Four months after that spectacular feat was catch a rocket stage descending mid-airRocket Lab has reactivated one of the engines from that turbocharger – an important step in their roadmap to creating a fully reusable rocket.

The Rutherford Engine, one of the nine engines powering the Electron launch vehicles, went on a “There and Back Again” mission in May, culminating in a live stream of the accelerator as it descended. under an umbrella. In the end they still had to drop it into the sea because it affected the helicopter’s controllability, but other than that it also worked as a charm.

Of course any engines that have been through use will need to be inspected, cleaned and repaired if necessary, especially if they have spent a little time on drinks.

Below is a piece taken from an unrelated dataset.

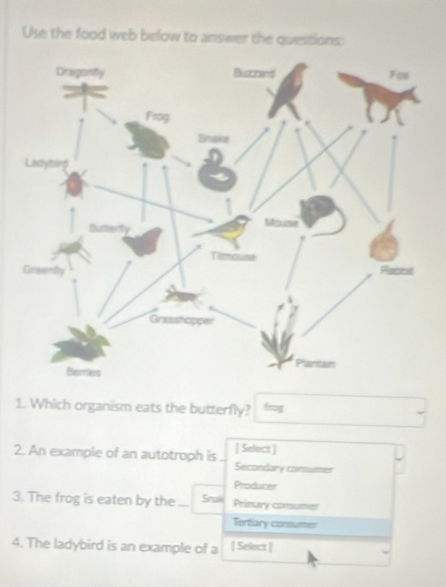 Resuelto:Use the food web below to answer the questions: 1 Which
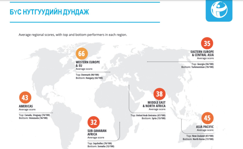 매년 Transparency International은 부패 인식 지수를 발표하고 의견, 여론 조사 및 증거를 기반으로 연구를 수행합니다 . 2016년에는 176 개국이 포함되었고 지난 5년 동안에는 180 개국이 포함되었습니다. 세계 16 개 출처와 몽골 8개 출처를 사용하여 A vlig 지수를 결정합니다 .

The lucky motor in this case went through the full battery tests the new motor had to pass, eventually detonating for 200 seconds straight. According to Rocket Lab, used engines operate to the same standards required by new engines. You can watch the test from start to finish here:

Don’t worry, it’s not engine parts flying around. These are frozen by freezing so it’s mostly just water and ice.

“Being able to fine-tune the Electron with a minimum of refurbishment is the ultimate goal, and so the fact that the components restored on this engine are done on a test rack with minimal rework is definitive. further acknowledge that we are on the right track,” said Rocket Lab CEO and founder Peter Beck in a press release. “If we can achieve this high level of performance from engine parts recovered from the ocean, then I am optimistic and extremely excited about what we can do when we bring back dry engines. on a helicopter next time.”

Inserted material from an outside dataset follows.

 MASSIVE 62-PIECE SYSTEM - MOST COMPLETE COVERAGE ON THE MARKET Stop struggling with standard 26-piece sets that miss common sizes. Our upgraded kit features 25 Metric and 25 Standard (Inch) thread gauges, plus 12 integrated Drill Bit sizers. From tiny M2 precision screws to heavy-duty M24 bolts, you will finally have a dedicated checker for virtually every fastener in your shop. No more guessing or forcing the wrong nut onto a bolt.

Reusable boosters are increasingly seen as the best way to achieve both high-speed and relatively low-cost launch operations. Building new engines and rockets is hard work – why throw them away when you’re done? But a rocket designed for single use can be very different from one designed for reuse, and Rocket Lab has been adjusting its approach to approach the latter.

The next mission it will attempt to capture a falling early-stage booster will take place before the end of the year, the company said, but has yet to have a set date.

I asked Rocket Lab for some more details and will update this post if I get a response.